U.S. federal government agency

The Office of Federal Contract Compliance Programs (OFCCP) is part of the U.S. Department of Labor. OFCCP is responsible for ensuring that employers doing business with the federal government comply with the laws and regulations requiring nondiscrimination. This mission is based on the underlying principle that employment opportunities generated by Federal dollars should be available to all Americans on an equitable and fair basis.

==Statutes and executive orders==
OFCCP administers and enforces two equal employment opportunity laws: Section 503 of the Rehabilitation Act of 1973, as amended, and the Vietnam Era Veterans' Readjustment Assistance Act of 1974, as amended, 38 U.S.C. § 4212 (VEVRAA). Together, these laws make it illegal for contractors and subcontractors doing business with the federal government to discriminate in employment because of disability or status as a protected veteran. Its regulations can be found at CFR Title 41 Chapter 60: Public Contracts and Property Management.

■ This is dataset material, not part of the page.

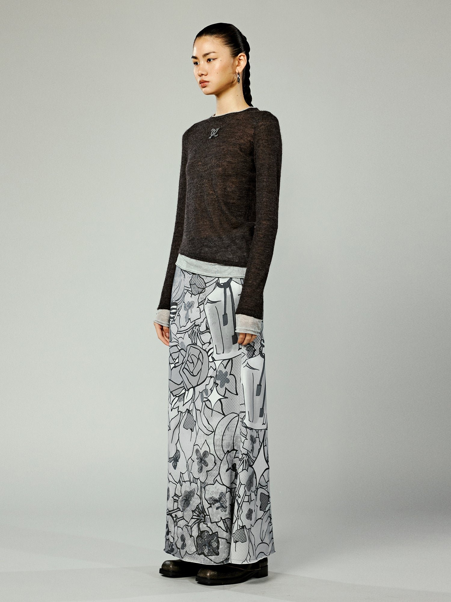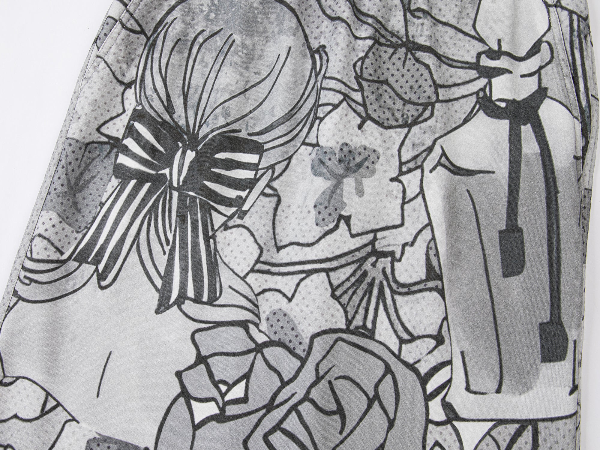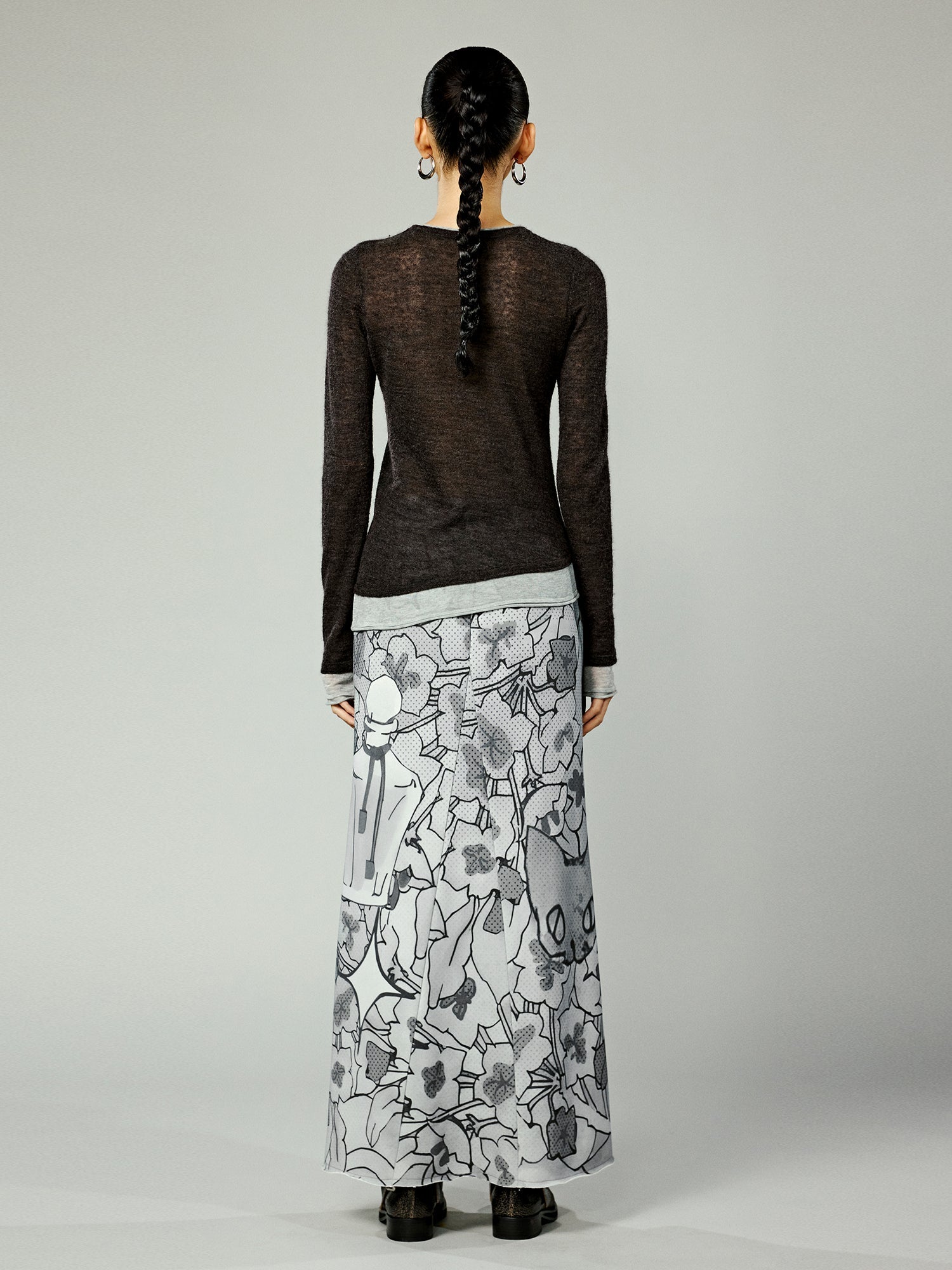 A charming midi skirt adorned with a playful comic girl print and featuring a whimsical mermaid hem.

Until it was rescinded in 2025, OFCCP also administered Executive Order 11246. That order prohibited contractors and subcontractors doing business with the federal government from discriminating in employment because of race, color, religion, sex, sexual orientation, gender identity, or national origin. In addition, the order made it illegal for contractors and subcontractors to discriminate against applicants or employees because they inquire about, discuss, or disclose their compensation or that of others, subject to certain limitations.

==Agency history==

Seal

OFCCP, as it is today, was created in 1978 with Executive Order 12086 by President Jimmy Carter through a consolidation of all the Affirmative Action enforcement responsibilities at each federal agency with Executive Order 11246 to the United States Secretary of Labor.

The origins of the agency trace back to President Franklin D. Roosevelt and World War II when he signed Executive Order 8802, preventing discrimination based on race by government contractors.

In 1953, President Dwight D. Eisenhower created the President's Committee on Government Contracts with Executive Order 10479. The order was a follow-up to Executive Order 10308 signed by President Harry S. Truman in 1951 establishing the anti-discrimination Committee on Government Contract Compliance.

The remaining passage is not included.